そう、三谷幸喜監督は、表現する媒体に対して、非常に意識的である。演劇であれ、TVドラマであれ、その媒体に対する過剰な敬意を抱き、どうあるべきか熟考して臨んでいる。同様に、映画に対しても、そこで披露する作品は映画的なものではなくてはいけないという確固たる義務感がある。『清州会議』の不快さも、『ギャラクシー街道』の下品さも、映画とはこういう過激なものだという思い込みの結果であろう。方法が解っていないので、無残なことになってしまうわけだが。

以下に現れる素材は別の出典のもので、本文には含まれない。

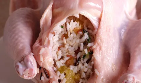 Курицу вымыть и обсушить. Нафаршировать тушку начинкой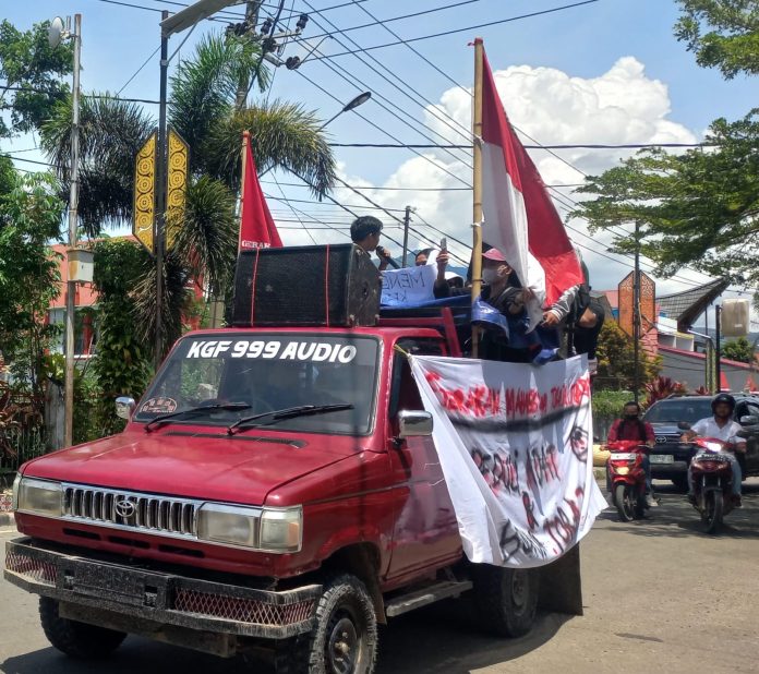 Aksi demonstrasi mahasiswa berangkat dari depan Gedung Pemuda Van de Loosdrecht Rantepao kemudian menuju kantor Gedung DPRD Toraja Utara, Sulawesi Selatan, Rabu (5/11/2025).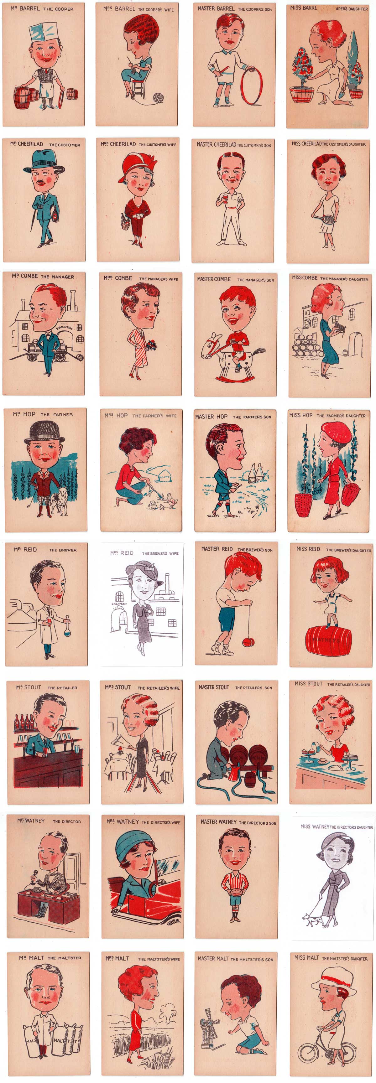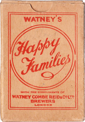 Above: Watney's Happy Families, with the compliments of Watney Coombe Reid & Co Ltd Brewers London, 1930. 32 cards. The rules are printed on the reverse of the box.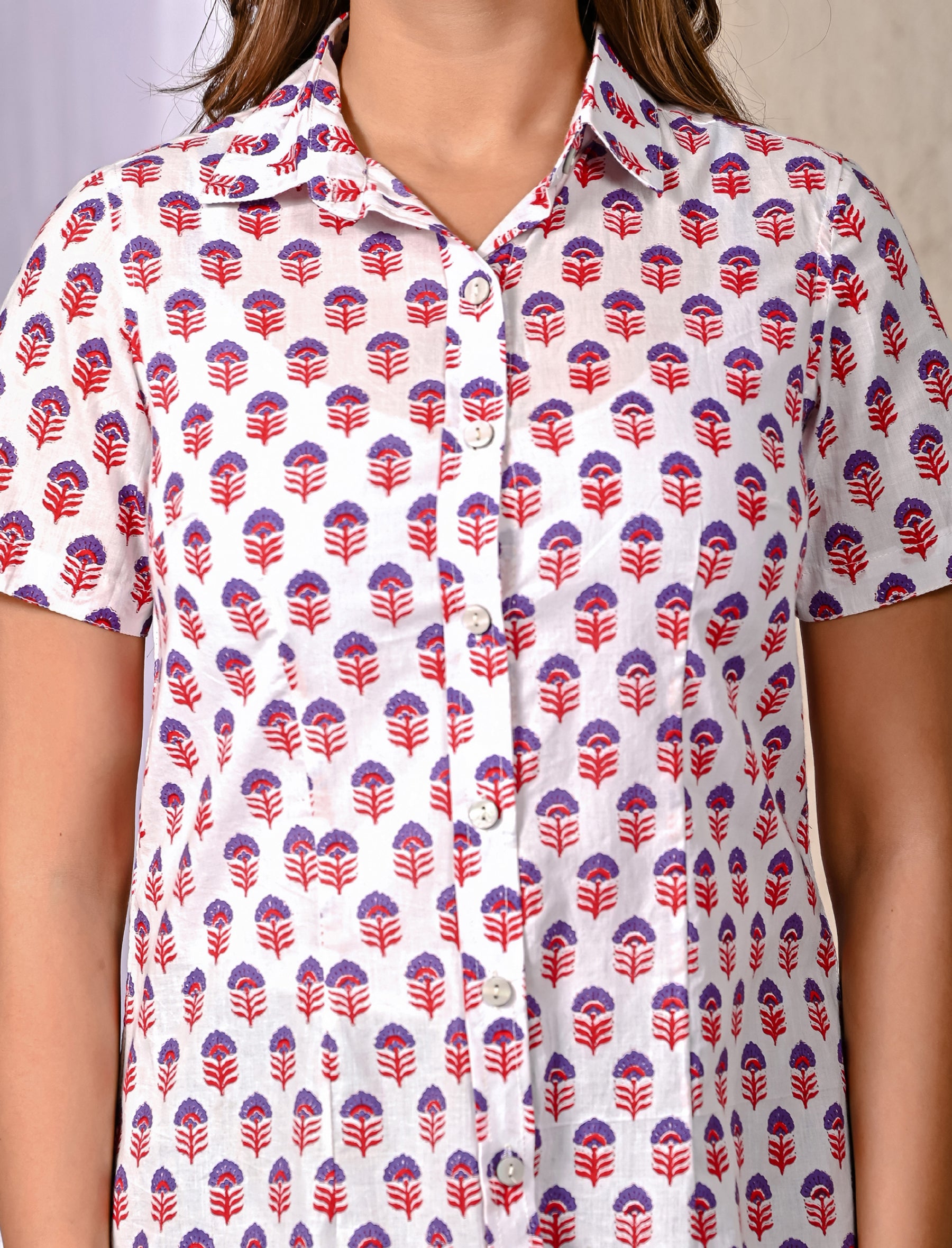 Blue Cotton Printed Half Sleeves Shirt For Women

ところが本作『記憶にございません!』は過去作とは違い、映画的であることの追究を、ほとんど行っていない。本来得意とするフィールドである演劇やTVドラマの方法論をそのまま流用している。そのため、格段と観やすいのだ。映画的でないのだから、これは映画ではないという批判は尤もだが、それよりも観やすさを優先したことには一定の評価をくだすべきではないかと思う。

まず冒頭に、これは架空の国の話だとテロップで断りが出る。その割には山形とかアメリカとか実在の地名が出てくるので何も考えていない気もするが、とりあえず時代も判然としないフィクショナルな世界観であることは強調される。そして記憶喪失となった総理大臣が、その場しのぎで窮地を凌ぐ描写が連なるという、ワンシチュエーション・コメディが繰り返されていく。

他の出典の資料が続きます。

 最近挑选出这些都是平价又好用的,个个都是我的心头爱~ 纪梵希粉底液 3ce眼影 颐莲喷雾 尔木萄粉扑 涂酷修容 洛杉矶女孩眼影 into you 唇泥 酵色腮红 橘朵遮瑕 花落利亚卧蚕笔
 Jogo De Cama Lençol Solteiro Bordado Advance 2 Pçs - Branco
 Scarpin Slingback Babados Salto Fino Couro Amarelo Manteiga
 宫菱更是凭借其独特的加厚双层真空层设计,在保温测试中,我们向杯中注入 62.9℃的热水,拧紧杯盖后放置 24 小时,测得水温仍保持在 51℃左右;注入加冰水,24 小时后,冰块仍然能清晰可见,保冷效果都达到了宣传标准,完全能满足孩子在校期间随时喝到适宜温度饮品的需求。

劇中の設定は政治風刺にすらなっていない。国民から嫌われて全体未聞の支持率2.7%を引っ提げる主人公は、熱狂的な支持者を後ろ盾にやりたい放題している現実の今の総理大臣とは似つかわず、とてもモデルとは言えない。さらにはアタッシェケースに入った札束など、あまりに形骸化した政治とカネのイメージが当然のものとして登場する。定型をなぞるのは解りやすさを優先しているからだろうが、こういう政治家のイメージって、形骸化を通り越して今や通じないんじゃないか。政治家と聞いて田中角栄とか金丸信みたいな狡猾な悪人面を真っ先に想像する人、もう少数でしょう。

※ ちなみに本職が建築関係なので指摘しておくと、寺島進演じる大工が「コンピューター使える若いやつが持て囃されて、古い方法しかできない年寄りには仕事が来ない」みたいなことを言っていたが、実際には現場の職人にとってはCGとかあまり関係ないし、むしろ少子化で若者の職人が少ないので高齢でも引退できず仕事を続けざるを得ない人のほうが多い。これも三谷監督なりの解りやすさを優先したアナクロ描写なのだろう。寺島進は木造建築の大工らしいので、ツーバイフォーばかりで在来工法の案件が少なくなって自分の仕事が減っているという苦情なら、まだ解らなくもないが。

劇中で起こるスキャンダルは裏金、失言、女性問題、反社会との関係など多岐に渡るが、別に現実に起こったもののパロディとかではなく、とにかく解りやすさを優先して定番のものを並べているだけだ。いくらでも社会風刺にできるのに、そこに手を出していないのは本作に関してはベストであった。あえて探せば、殺し屋と揶揄された麻生太郎の格好に似た等身大パネルがあるとか、その程度。草刈正雄が水鉄砲で遊んでいたのは、かつて中川昭一のWikipediaに「趣味は水鉄砲」と書かれていたことからだろうか。ニッチ過ぎるので、違うと思うけど。

ともかく、そんなアナクロの極みみたいな総理大臣が記憶喪失になり、政治知識は三権分立を今さら教わっているレベルにも関わらず、政治的な駆け引きを取っ払って裏表の無い対応をすることで全てが好転していく。キレイゴトばかりの胡散臭いおとぎ話であるが、演劇的な舞台設計とTVコメディ的な笑いによって、ただただ楽しい仕上がりにはなっている。何より、総理大臣の側が特に大きな危機を迎えることもなく、順当に勧善懲悪の話が進むだけなので、ちっともハラハラせずに安心して鑑賞できる。映画的な刺激がないのは物足りないが、そもそも映画的なものを目指していないのだから、別にいいではないか。

ただ、せっかく時代も場所も曖昧な虚構空間を創っていたのに、ラスト近くになって「バスタ新宿」の文字がはっきり見えたのは、それまでの苦労が台無しになってしまった気もするが。あと、窓と同面の外壁に、あんな隠し通路は無理がないか。建物の外側、どういう形状なんだろう。